If your parameters are not sharded, you could do it with a simplified version of replica_device_setter like below:

def assign_to_device(worker=0, gpu=0, ps_device="/job:ps/task:0/cpu:0"):
    def _assign(op):
        node_def = op if isinstance(op, tf.NodeDef) else op.node_def
        if node_def.op == "Variable":
            return ps_device
        else:
            return "/job:worker/task:%d/gpu:%d" % (worker, gpu)
    return _assign

with tf.device(assign_to_device(1, 2)):
  # this op goes on worker 1 gpu 2
  my_op = tf.ones(())

I didn't check previous versions, but in Tensorflow 1.4/1.5, you can specify devices in replica_device_setter(worker_device='job:worker/task:%d/gpu:%d' % (FLAGS.task_index, i), cluster=self.cluster).
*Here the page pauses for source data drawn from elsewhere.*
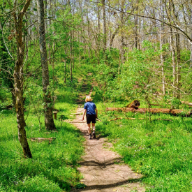 We hiked several trails on this day, but the new one-mile trail was the Vista Loop Trail. We ascended lots of steps up a steep hill and across the rim before dropping down to another trail. We passed an old stone chimney-looking structure and passed lots of wildflowers. A few people were kayaking on the Little Miami River.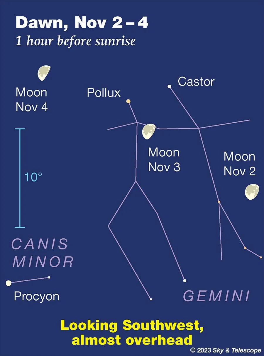 ماه غول پیکر در حال کاهش فاز است و حدود ساعت 9 یا 10 شب طلوع میکند. هنگامی که به ارتفاع مناسبی رسید، میتوانید آن را در کنار ستارههای «سرپیشین» (Castor) و «سرپسین» (Pollux) در سمت چپ و پایین سمت چپ آن ببینید که مانند شکل زیر یک مثلث را تشکیل میدهند. با پیشروی شب و حرکت آرام ماه به سمت پولوکس، این مثلث کوچک میشود.
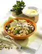 Clean, wash and drain the radish and spring onion. Cut the spring onion into fine rings. Clean field and frisée lettuce, wash thoroughly several times and also drain. Pluck into bite-sized pieces. Wash the herbs, dab dry and pick the leaves from the stems. Wash the flowers and let them drain as well.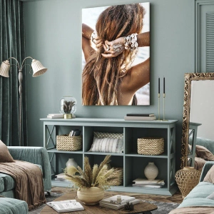 Die Leinwand wird über den Rahmen gespannt. Die Seiten und Kanten werden gedruckt, um das Bild fortzusetzen. Das Bild ist fertig zum Aufhängen an der Wand. Jedes Produkt hat einen am Rahmen befestigten Anhänger und ein Montageset (Schraube + Stift).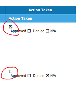 Checkboxes for Advisory Board Minutes PDF's are not alligned correctly in the Action Taken column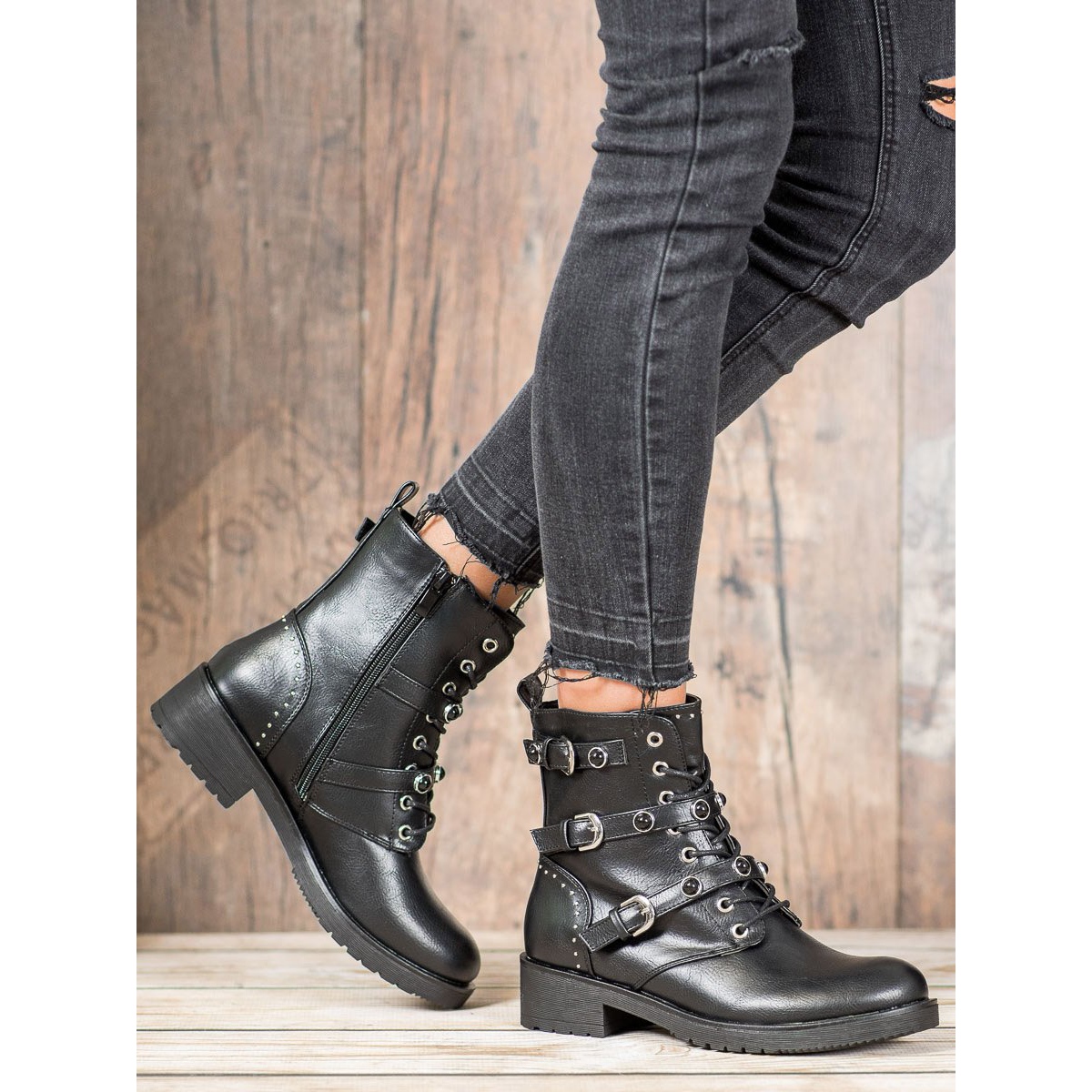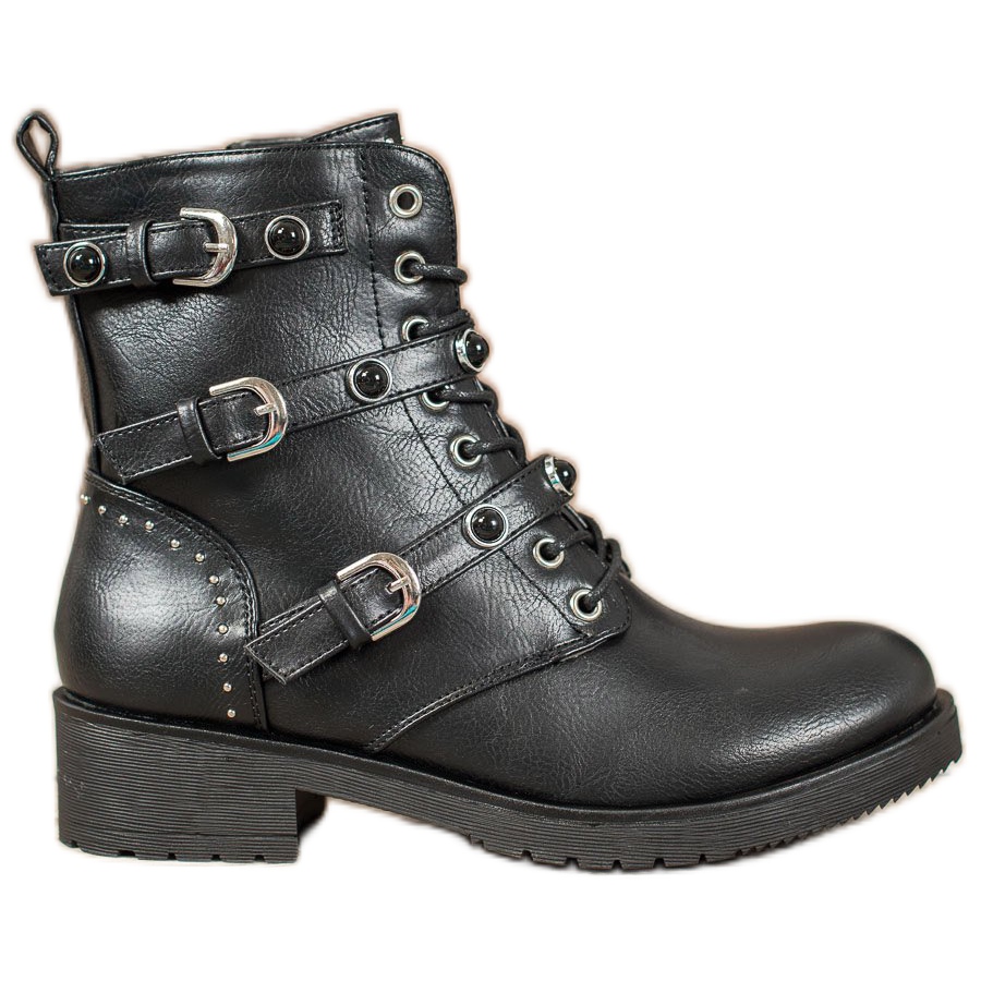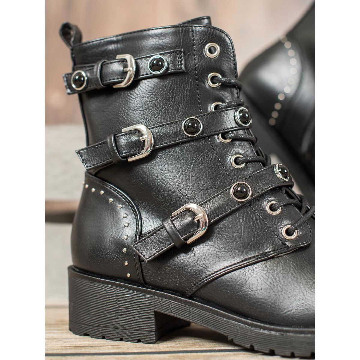 Dessa unika stövlar har snörning framtill och dragkedjor på insidan, vilket gör dem lätta att ta av och på. Dessutom ger dekorativa bälten med spännen och strass en rockkaraktär till dem, vilket gör dem till en fashionabel accent för alla stylingar.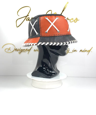 Black & Orange Leather Bucket Crown w/ White Lace
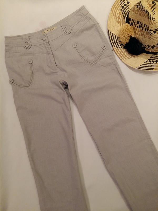 Гарні штани на спеку. Легені, у складі бавовна і льон. Красиво і в міру прикрашені вишивкою та ґудзичками. Якість супер. Без нюансів. Заміри: ПІТ 39, ПОБІДИ 51, посадка спереду 25, довжина 102, крок 78. Повернення та обміну немає.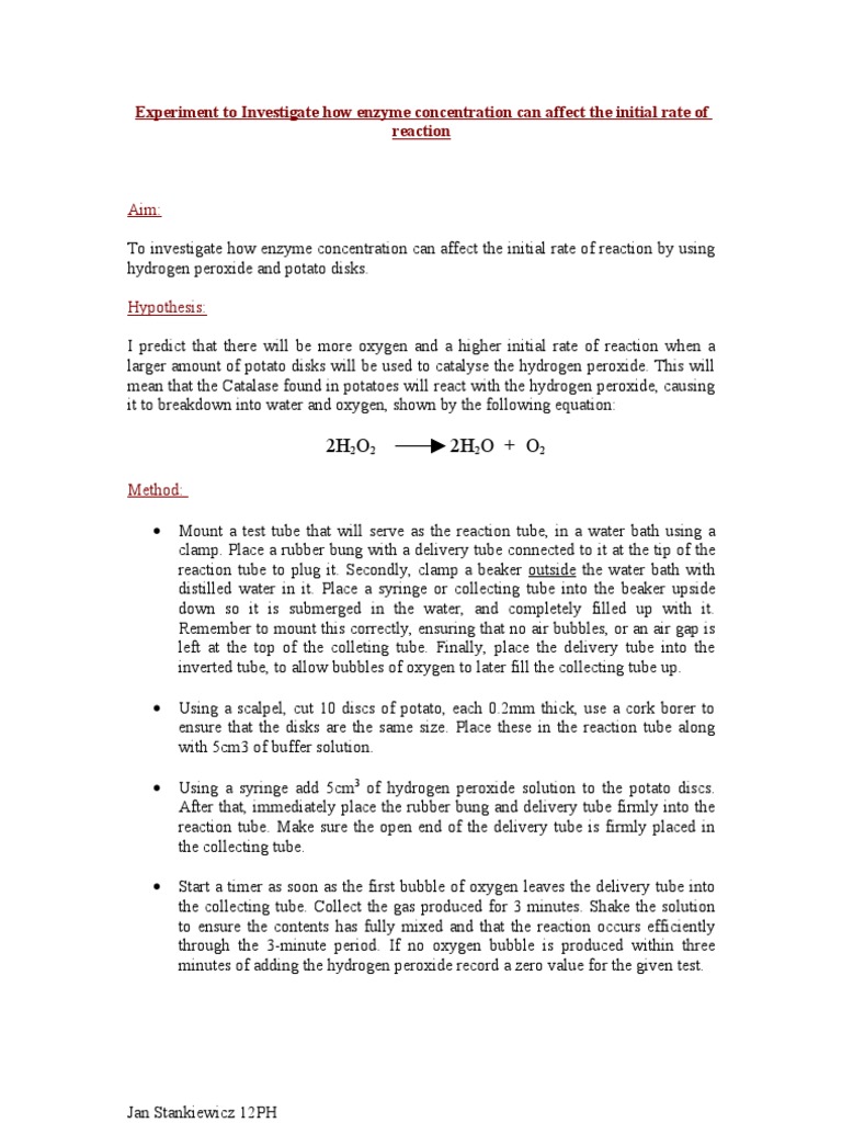 Effect of Enzyme Concentration On Enzyme Action 2.2 | PDF | Catalase ...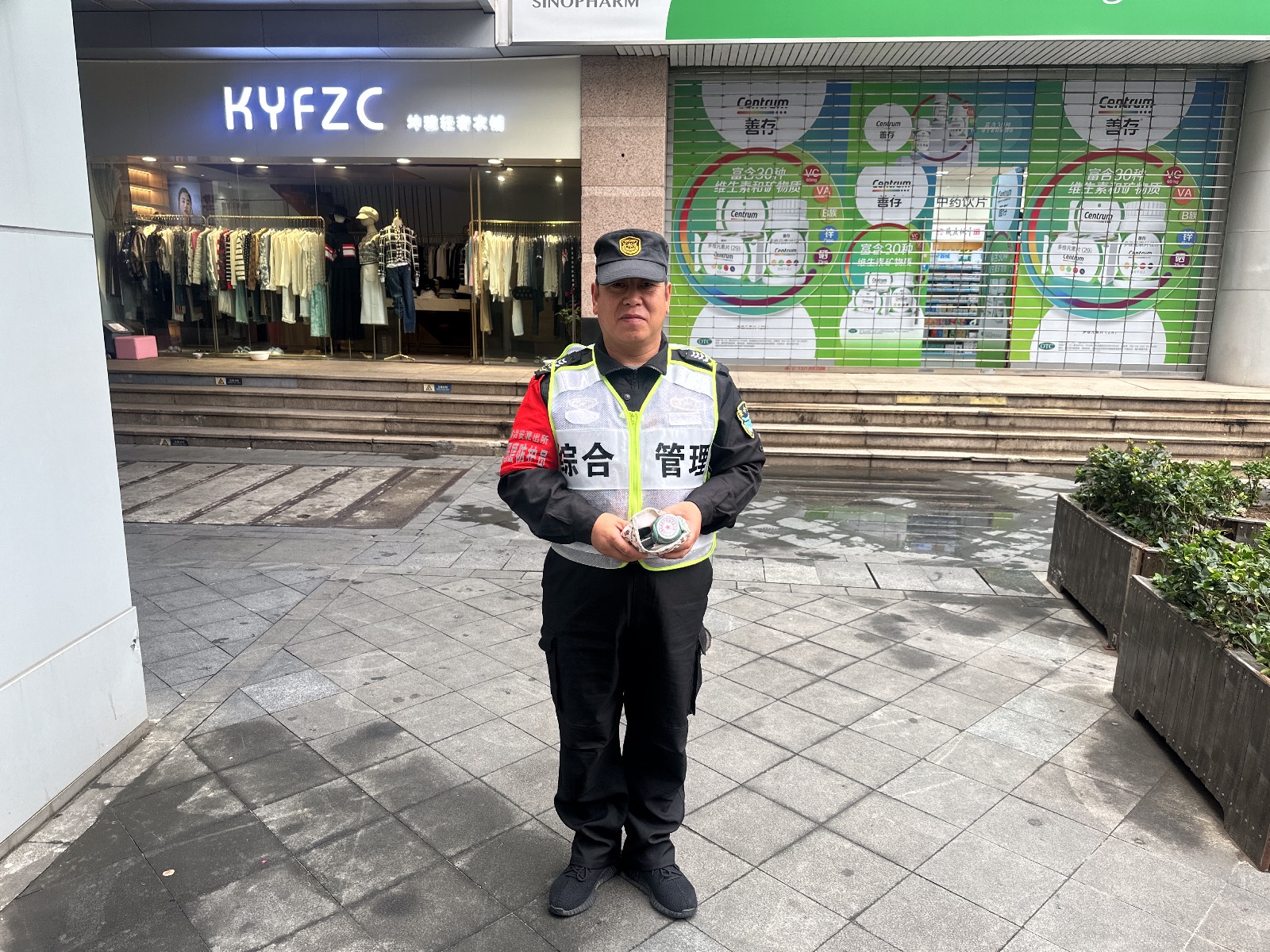 11月5日14:30,宗保公司駐浦東新區(qū)陸家嘴綜合管理項目員工漆貴成在南泉北路小駱駝執(zhí)勤時,在共享單車車筐里發(fā)現一個小包,內有公司法人公章、公司公章等物品??紤]到失主丟了重要物品可能會返回尋找,漆貴成便在原地邊執(zhí)勤邊等待。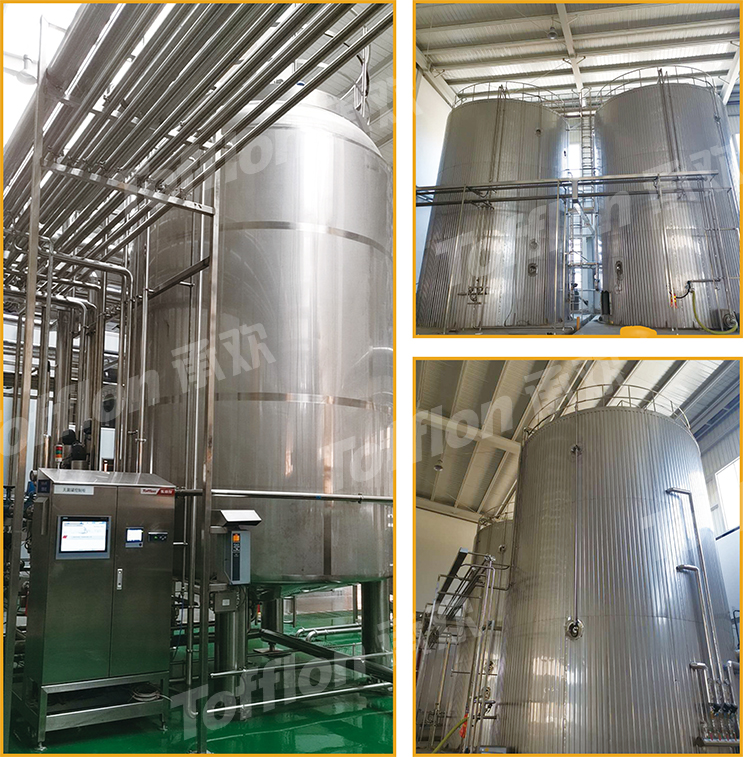 為保證生產(chǎn)中大批量果汁的長(zhǎng)時(shí)間常溫儲(chǔ)存,該線配有我司自主研發(fā)的全自動(dòng)無(wú)菌罐系統(tǒng)、室外無(wú)菌大型儲(chǔ)罐系統(tǒng),從而解決了生產(chǎn)中鮮榨橙汁的大批量?jī)?chǔ)存問(wèn)題,進(jìn)而避免了冷庫(kù)的使用和建設(shè)。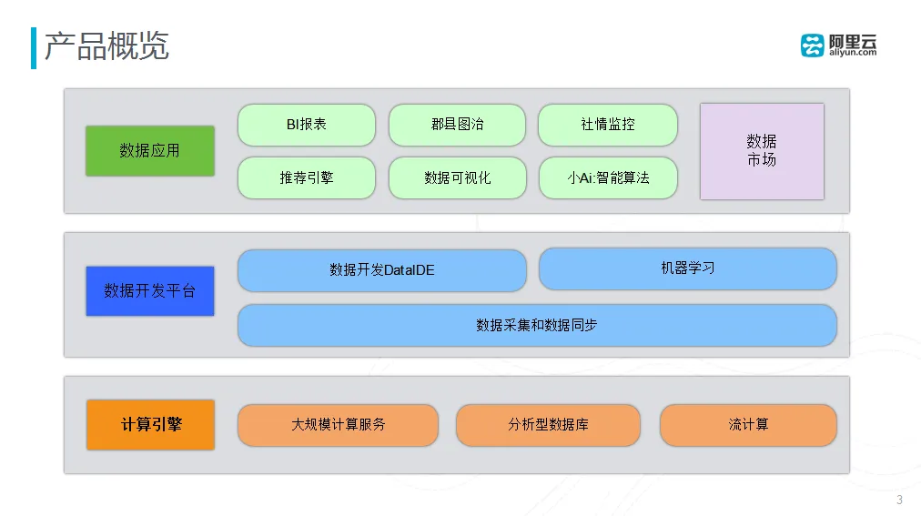 在最底层,是阿里云强大的数据计算引擎。值得注意的是,这里所有的计算能力都是经历过阿里巴巴双十一活动的洗礼,每一年随着业务的巨大增速,进而拥有质的飞跃,他的稳定性、安全性、计算能力每年都会参加考试,然后提升,这也是区别于市场上的开源产品一个特点。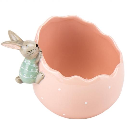 Великоднього кролика можна використовувати не тільки як тематичний декор, але і кожного дня, ставлячи його у відповідне місце – на кухні, у вітальні або дитячій кімнаті. Звичайно, цей горщик є відмінним варіантом для подарунка. Він виготовлений з високоякісної кераміки рожевого кольору з милим білим кроликом, який подбає про ваші квіти.
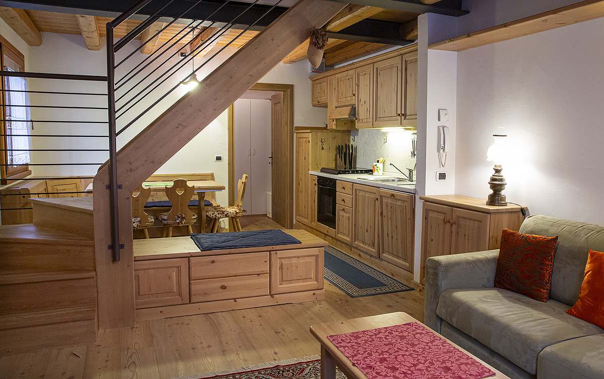 trilo 6 – přízemí apartmánu: obývací pokoj s kuchyňským koutem a rozkládacím gaučem pro 2 osoby, sociální zařízení se sprchou, předzahrádka, 1.podlaží apartmánu: 1 ložnice s manželskou postelí, 1 ložnice se 2 samostatnými lůžky, sociální zařízení se sprchou
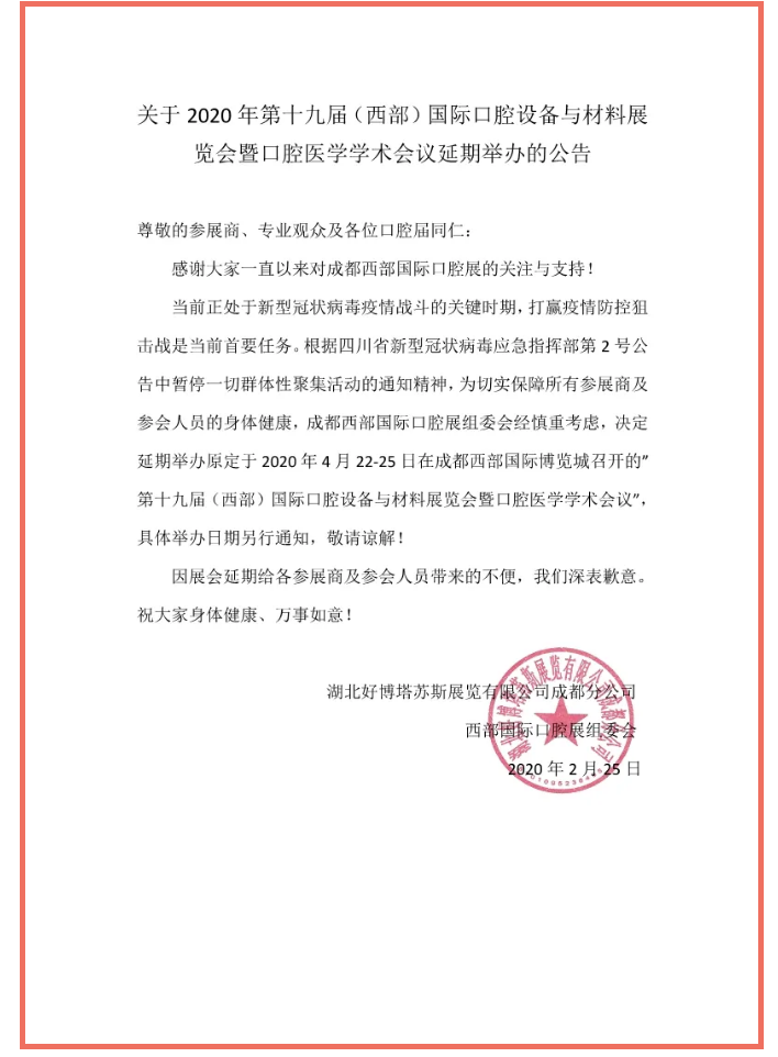 根據(jù)成都西部國際口腔展設計搭建公司領藝展覽了解到,當前正處于新型冠狀病毒疫情戰(zhàn)斗的關鍵時期,打贏疫情防控狙擊戰(zhàn)是當前首要任務。根據(jù)四川省新型冠狀病毒應急指揮部第2號公告中暫停一切群體性聚集活動的通知精神,為保障所有參展商及參會人員的安全和健康,成都西部國際口腔展組委會經(jīng)慎重考慮,決定延期舉辦原定于2020年4月22-25日在成都西部國際博覽城召開的“第十九屆(西部)國際口腔設備與材料展覽會暨口腔醫(yī)學學術會議”,具體舉辦日期另行通知,敬請諒解!如需成都口腔展設計請聯(lián)系領藝展覽,希望我們能在口腔展搭建上為您添磚加瓦,祝各位朋友收獲多多,滿載而歸!

See tensorflow/python/training/device_setter.py line 199-202:

if ps_ops is None: # TODO(sherrym): Variables in the LOCAL_VARIABLES collection should not be # placed in the parameter server. ps_ops = ["Variable", "VariableV2", "VarHandleOp"]

Thanks to the code provided by @Yaroslav Bulatov, but his protocol is different from replica_device_setter, and may fail in some cases.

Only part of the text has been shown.